Start of Extracted entries
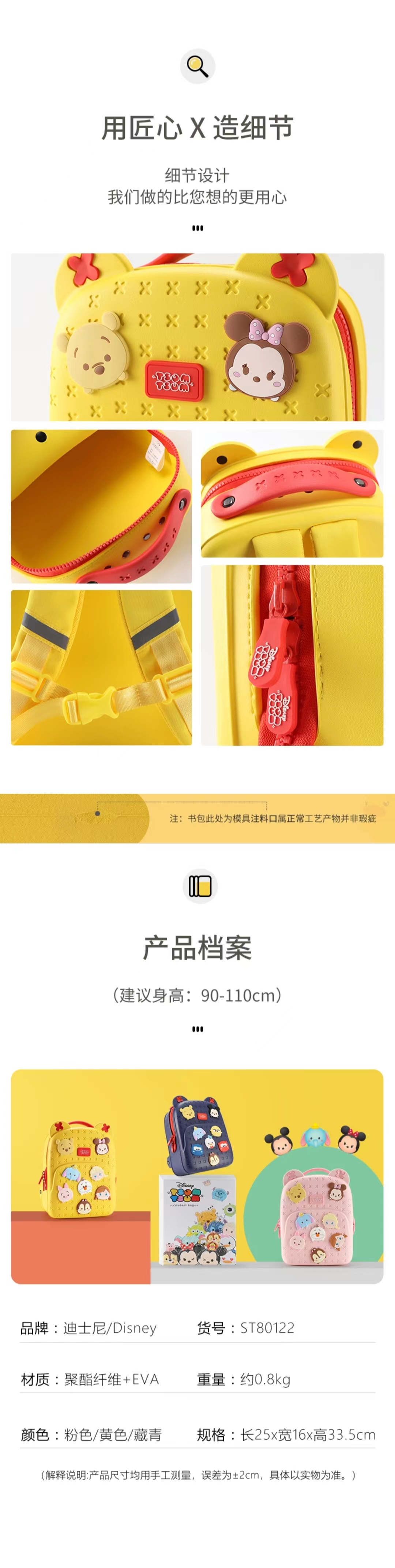 迪士尼(Disney)松松儿童书包幼儿园3-6岁男女童可爱外出送礼背包潮ST80122
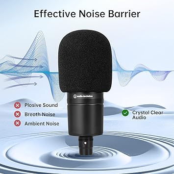 PhantAccy ポップフィルター/ウィンドスクリーン オーディオテクニカ AT-2020 AT-2035 AT-2040 AT-2050 ATR2500 ATR2500X AT-4040 マイク、爆発物とシューという音をフィルタリングするためのフォームマイクカバー(フォームブラック) a
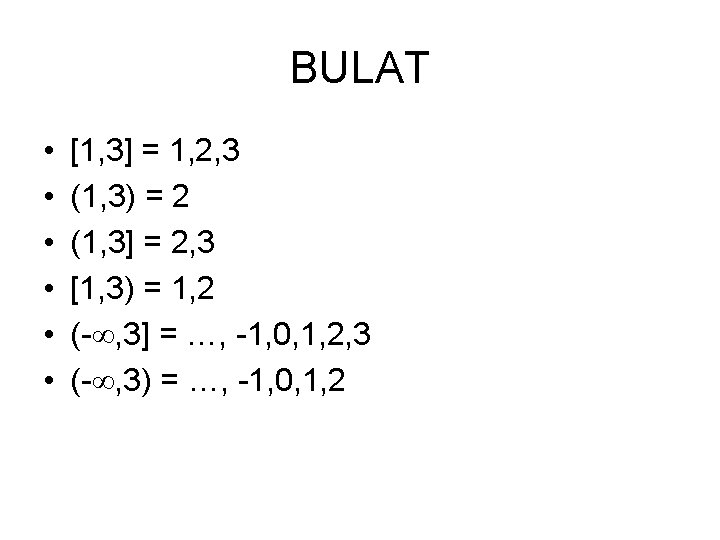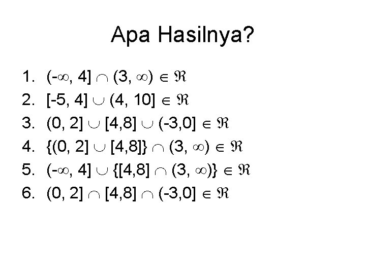 Apa Hasilnya? 1. 2. 3. 4. {(100, ) (- , 4)} [4, 5] Z {[1, 2) (5, 6] [2, 5)} (0, 1] Z {(5, 6] (- , 7]} {[2, 5) (- , 4)} Z
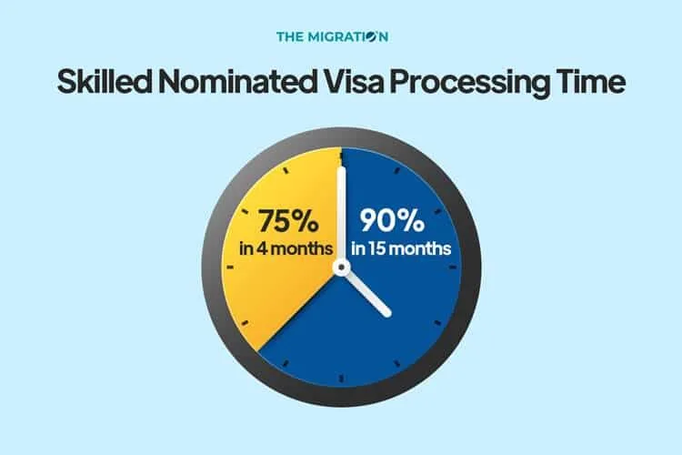 - 4 months to process 75% of applications for Skilled Nominated Visa.
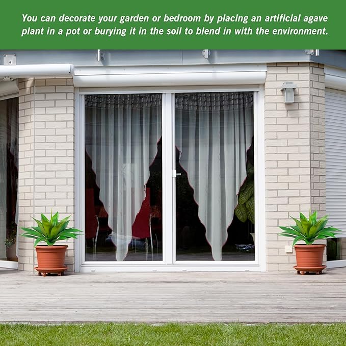 • About The Large Fake Plants Color: natural green, replica of the real agave color, delicate and durable, outdoor sun protection.Low Maintenance Unlike real plants, these artificial agave planters require no watering, pruning, or fertilizing. faux succulent outdoor plant enjoy the beauty of greenery without the hassle of maintenance.
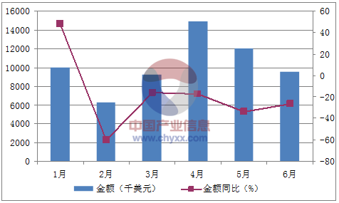 月份數量(萬噸)金額(千美元)數量同比(%)金額同比(%)1月19,92769.547.82月16,297-50.4-60.33月19,1741.9-16.14月114,877-12.3-17.55月111,991-26.1-33.76月19,530-25.8-26.2數據來源:中國海關,中經先略數據中心整理
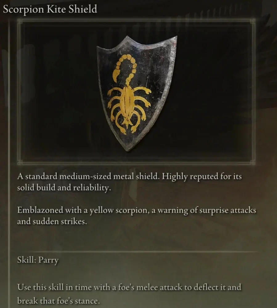전갈 연 방패는 전면에 황금 전갈의 상징이 있어 적을 위협하기에 충분합니다. 일반 소형 실드보다 크기 때문에 이 실드를 사용하려면 추가 강도 포인트가 필요합니다. 방패는 무게와 방어 사이의 적절한 균형을 특징으로 하며 Elden Ring 세계의 많은 전투 상황에 충분합니다. 그것은 이동성을 감소시키므로 고려해야 할 사항입니다. 손상을 줄이고 들어오는 공격을 차단하는 데 가장 효과적입니다.
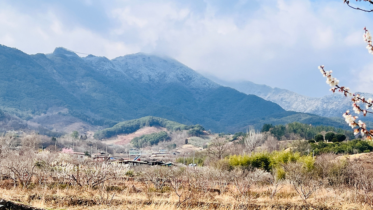 이번 여정은 광양 매화마을을 지나서 특별하게 간 곳이 윤동주의 시집을 자신의 집 마루 아래에서 숨겨서 우리가 보는 서시 등을 비롯한 시를 지금과 같이 빛을 보게 한 인물인 정병욱이가 살았던 광양 망덕포구를 다녀왔습니다. 여느 때라면 매화마을 맞은편에 있는 토지 문학관과 악양면 평사리 들판이 보이는 촬영지를 둘러보고 왔을 텐데 악양면의 매암 차밭을 다녀오는 것으로 만족했습니다. 다시 차밭을 소개하는 시간이 있으리라 생각하지만 차밭은 조용한 차를 마시던 그 풍경이 사라지고 인스타그램의 성지가 되어 버렸습니다. 그 악양마을의 높은 언덕에 눈이 쌓인 장면은 참으로 장관이었습니다. 간간이 구름사이로 나온 푸른 하늘 사이 아래에 싸락처럼 쌓인 눈덮인 산허리가 눈부시게 아름다와 보였습니다.
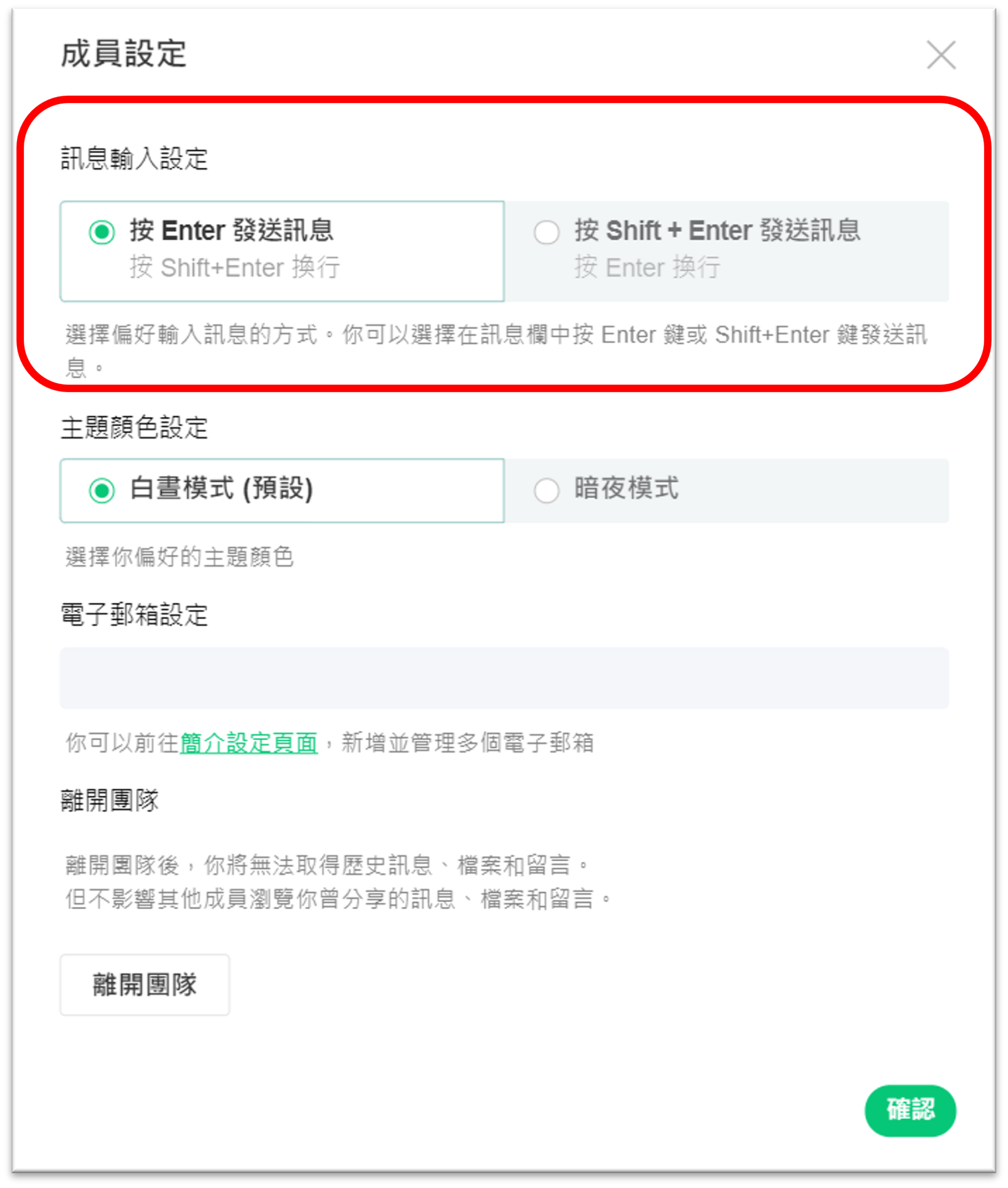 大部分發送訊息都是使用 Enter。為了避免誤按,我們增加了 Shift+Enter 的設定。
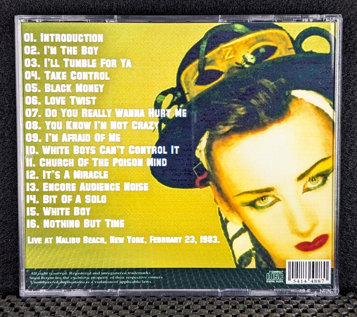 01. Introduction / 02. I'm The Boy / 03. I'll Tumble For Ya / 04. Take Control / 05. Black Money / 06. Love Twist / 07. Do You Really Wanna Hurt Me / 08. You Know I'm Not Crazy / 09. I'm Afraid Of Me / 10. White Boys Can't Control It / 11. Church Of The Poison Mind / 12. It's A Miracle / 13. Encore AUD Noise / 14. Bit Of A Solo / 15. White Boy / 16. Nothing But Time
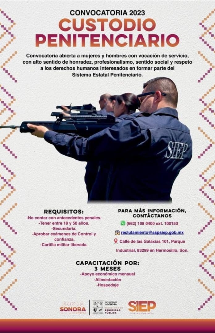 Para mayores informes sobre la convocatoria, comunicarse al teléfono (662) 108 04 00, extensión 100153 o escribir al correo electrónico reclutamiento@sspsiep.gob.mx.
End of Extracted entries
Above are the records; return the lines in them from the one with "Apa Hasilnya? 1." to the one with "전갈 연 방패는 전면에", inclusive, exactly and without images.

Answer box —
 Apa Hasilnya? 1. 2. 3. 4. {(100, ) (- , 4)} [4, 5] Z {[1, 2) (5, 6] [2, 5)} (0, 1] Z {(5, 6] (- , 7]} {[2, 5) (- , 4)} Z
 - 4 months to process 75% of applications for Skilled Nominated Visa.
 • About The Large Fake Plants Color: natural green, replica of the real agave color, delicate and durable, outdoor sun protection.Low Maintenance Unlike real plants, these artificial agave planters require no watering, pruning, or fertilizing. faux succulent outdoor plant enjoy the beauty of greenery without the hassle of maintenance.
 月份數量(萬噸)金額(千美元)數量同比(%)金額同比(%)1月19,92769.547.82月16,297-50.4-60.33月19,1741.9-16.14月114,877-12.3-17.55月111,991-26.1-33.76月19,530-25.8-26.2數據來源:中國海關,中經先略數據中心整理
전갈 연 방패는 전면에 황금 전갈의 상징이 있어 적을 위협하기에 충분합니다. 일반 소형 실드보다 크기 때문에 이 실드를 사용하려면 추가 강도 포인트가 필요합니다. 방패는 무게와 방어 사이의 적절한 균형을 특징으로 하며 Elden Ring 세계의 많은 전투 상황에 충분합니다. 그것은 이동성을 감소시키므로 고려해야 할 사항입니다. 손상을 줄이고 들어오는 공격을 차단하는 데 가장 효과적입니다.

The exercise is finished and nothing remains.